Without including any images, repeat the data exactly.

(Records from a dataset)
=====

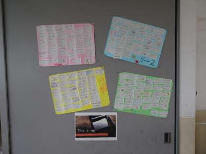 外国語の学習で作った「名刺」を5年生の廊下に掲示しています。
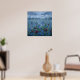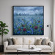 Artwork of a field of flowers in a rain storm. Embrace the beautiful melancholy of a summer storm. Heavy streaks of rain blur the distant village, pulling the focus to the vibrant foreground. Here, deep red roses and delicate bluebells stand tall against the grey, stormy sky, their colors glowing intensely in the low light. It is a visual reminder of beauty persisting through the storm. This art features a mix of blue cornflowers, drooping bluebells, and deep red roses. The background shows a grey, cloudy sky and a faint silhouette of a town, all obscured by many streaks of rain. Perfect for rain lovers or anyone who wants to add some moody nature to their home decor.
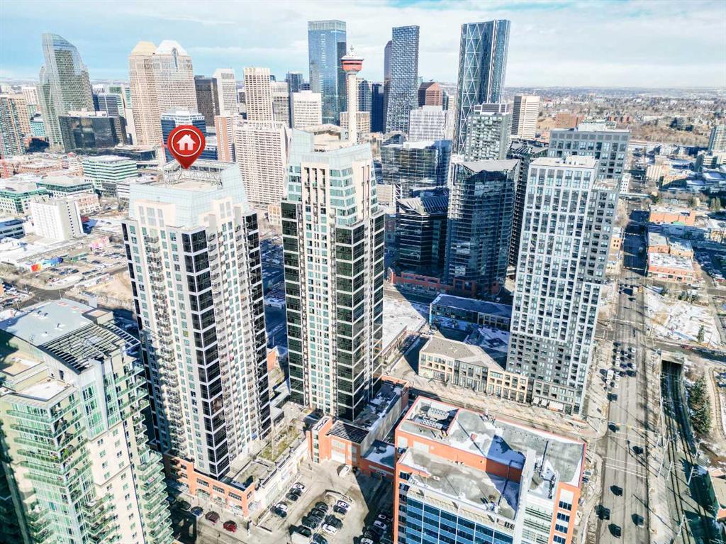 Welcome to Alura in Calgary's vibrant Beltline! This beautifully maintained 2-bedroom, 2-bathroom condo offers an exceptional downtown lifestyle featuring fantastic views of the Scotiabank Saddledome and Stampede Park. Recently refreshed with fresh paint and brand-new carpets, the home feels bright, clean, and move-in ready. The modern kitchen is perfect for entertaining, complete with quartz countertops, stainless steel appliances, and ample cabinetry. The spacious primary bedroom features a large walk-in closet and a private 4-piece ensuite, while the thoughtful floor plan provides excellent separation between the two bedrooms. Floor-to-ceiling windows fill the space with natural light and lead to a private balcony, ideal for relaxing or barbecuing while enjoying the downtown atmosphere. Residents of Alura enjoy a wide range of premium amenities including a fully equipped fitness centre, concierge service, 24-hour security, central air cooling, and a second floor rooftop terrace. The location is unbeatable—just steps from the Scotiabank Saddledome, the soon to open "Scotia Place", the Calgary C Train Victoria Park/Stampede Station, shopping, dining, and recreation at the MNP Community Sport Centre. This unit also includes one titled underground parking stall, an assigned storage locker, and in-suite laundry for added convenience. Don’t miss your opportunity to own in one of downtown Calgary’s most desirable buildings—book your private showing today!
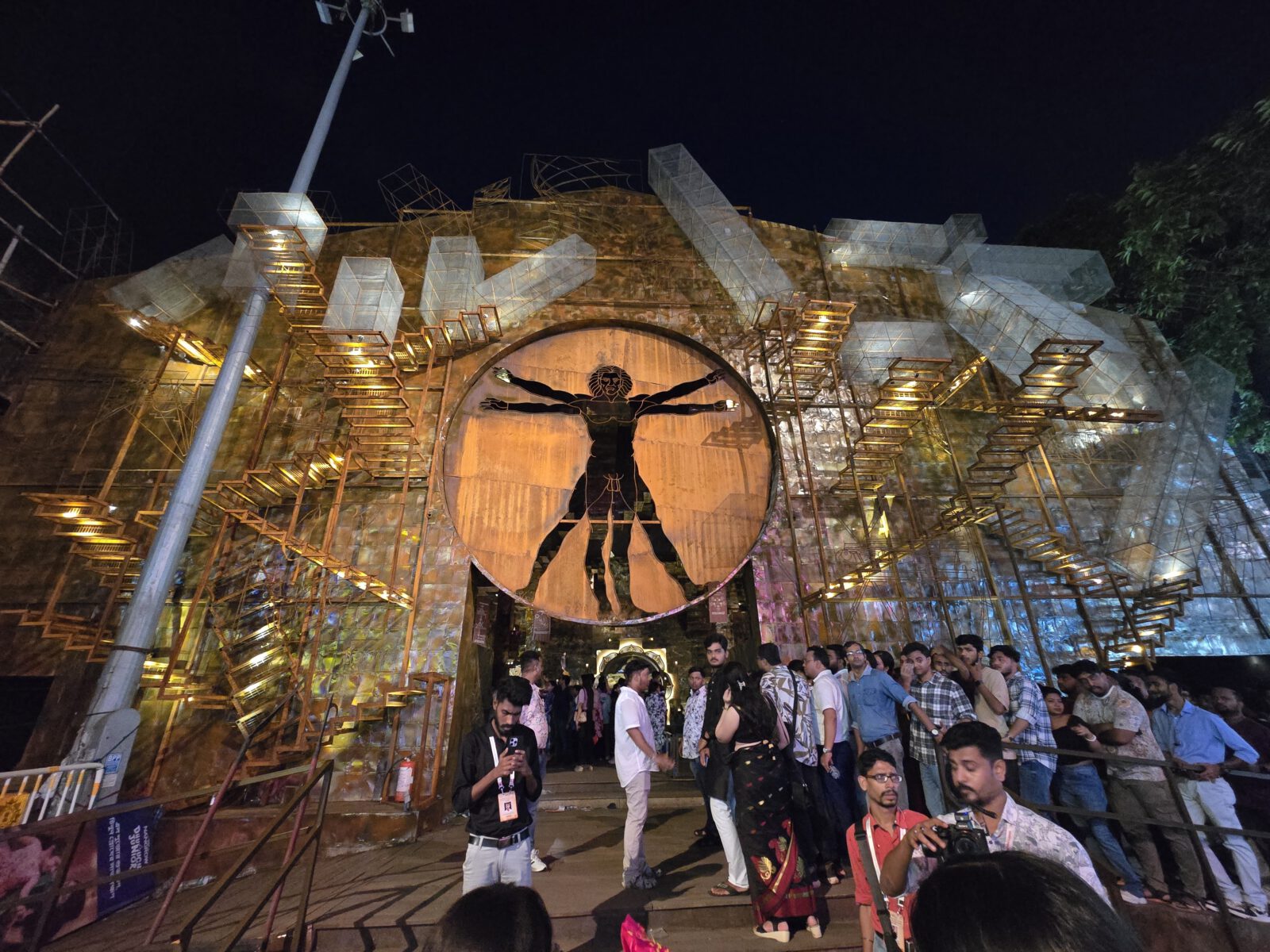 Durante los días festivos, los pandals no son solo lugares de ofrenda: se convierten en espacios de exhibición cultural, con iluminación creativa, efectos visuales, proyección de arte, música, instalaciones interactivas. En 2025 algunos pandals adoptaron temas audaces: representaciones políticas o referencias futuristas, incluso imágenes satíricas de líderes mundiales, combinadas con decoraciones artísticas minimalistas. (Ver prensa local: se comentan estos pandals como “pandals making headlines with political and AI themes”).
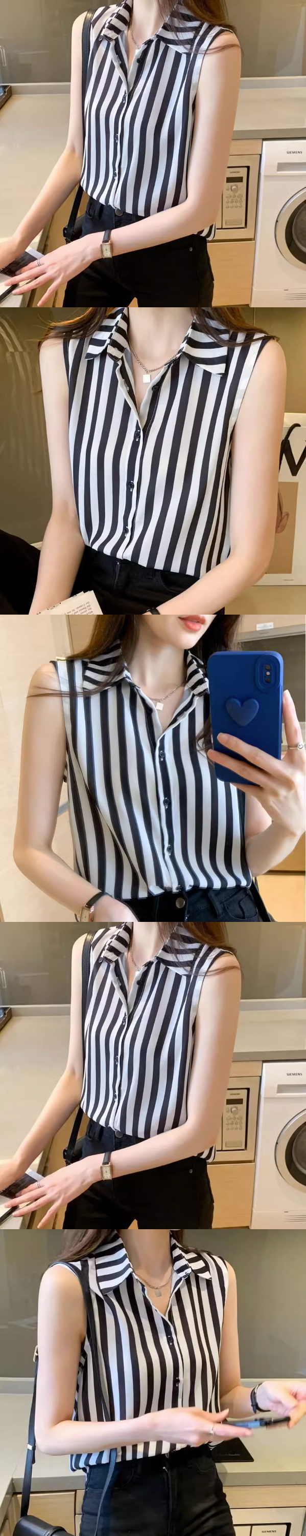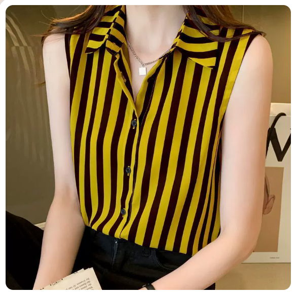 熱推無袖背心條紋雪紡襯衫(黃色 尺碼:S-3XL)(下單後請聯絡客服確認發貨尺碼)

=====

OUTPUT FOR THIS EXERCISE:
 外国語の学習で作った「名刺」を5年生の廊下に掲示しています。
 Artwork of a field of flowers in a rain storm. Embrace the beautiful melancholy of a summer storm. Heavy streaks of rain blur the distant village, pulling the focus to the vibrant foreground. Here, deep red roses and delicate bluebells stand tall against the grey, stormy sky, their colors glowing intensely in the low light. It is a visual reminder of beauty persisting through the storm. This art features a mix of blue cornflowers, drooping bluebells, and deep red roses. The background shows a grey, cloudy sky and a faint silhouette of a town, all obscured by many streaks of rain. Perfect for rain lovers or anyone who wants to add some moody nature to their home decor.
 Welcome to Alura in Calgary's vibrant Beltline! This beautifully maintained 2-bedroom, 2-bathroom condo offers an exceptional downtown lifestyle featuring fantastic views of the Scotiabank Saddledome and Stampede Park. Recently refreshed with fresh paint and brand-new carpets, the home feels bright, clean, and move-in ready. The modern kitchen is perfect for entertaining, complete with quartz countertops, stainless steel appliances, and ample cabinetry. The spacious primary bedroom features a large walk-in closet and a private 4-piece ensuite, while the thoughtful floor plan provides excellent separation between the two bedrooms. Floor-to-ceiling windows fill the space with natural light and lead to a private balcony, ideal for relaxing or barbecuing while enjoying the downtown atmosphere. Residents of Alura enjoy a wide range of premium amenities including a fully equipped fitness centre, concierge service, 24-hour security, central air cooling, and a second floor rooftop terrace. The location is unbeatable—just steps from the Scotiabank Saddledome, the soon to open "Scotia Place", the Calgary C Train Victoria Park/Stampede Station, shopping, dining, and recreation at the MNP Community Sport Centre. This unit also includes one titled underground parking stall, an assigned storage locker, and in-suite laundry for added convenience. Don’t miss your opportunity to own in one of downtown Calgary’s most desirable buildings—book your private showing today!
 Durante los días festivos, los pandals no son solo lugares de ofrenda: se convierten en espacios de exhibición cultural, con iluminación creativa, efectos visuales, proyección de arte, música, instalaciones interactivas. En 2025 algunos pandals adoptaron temas audaces: representaciones políticas o referencias futuristas, incluso imágenes satíricas de líderes mundiales, combinadas con decoraciones artísticas minimalistas. (Ver prensa local: se comentan estos pandals como “pandals making headlines with political and AI themes”).
 熱推無袖背心條紋雪紡襯衫(黃色 尺碼:S-3XL)(下單後請聯絡客服確認發貨尺碼)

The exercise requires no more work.